McDonald-Kreitman test. The results of the McDonald-Kreitman tests were not significant, so we cannot draw any firm conclusions from them. Since the nonsyn/syn ratios are higher for fixed mutations than for polymorphic sites, we might suspect positive selection, however.
Tajima's test of neutrality. The values from Tajima's neutrality test were also not significant. But since the values are negative, if we were to interpret them, we would conclude that one of the many explanatory events for negative Tajima's D values has taken place: a selective sweep or a bottleneck, or the presence of slightly deleterious alleles in a gene.
Phylogenetic trees. The sequences in the KLK3 phylogeny shows wider dispersion and sub-branching than those in the SEMG2 phylogeny. This suggests that the SEMG2 gene has undergone a recent bottleneck/selective sweep.
Summarising so far, the results indicate positive selection in both genes, if sometimes not strongly enough to be significant.

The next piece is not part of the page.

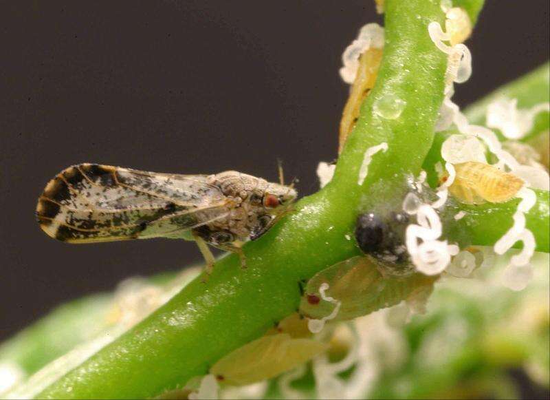 In this undated file photo, the Asian citrus psyllid is seen in this University of Florida photo provided by the University of California, Davis. The California Department of Food and Agriculture announced Friday that citrus greening, also known as huanglongbing, has been discovered in lemon/pummelo tree in a residential neighborhood of Los Angeles County. The bacterial disease is carried by the Asian citrus psyllid and attacks the vascular system of trees. Associated Press

Maximum Likelihood. The LR values in the ML tests show that each change from a simpler model to one with more parameters results in significantly higher ln L values, thus motivating the change. Thus, a model where the DN/DS ratios differ from site to site is best suited to explain the differences in the sequences. The branch lengths of the accompanying phylogenetic tree are generally higher for species with more promiscuous females. This suggests, as confirmed by research, that male-male competition is higher in polyandrous populations.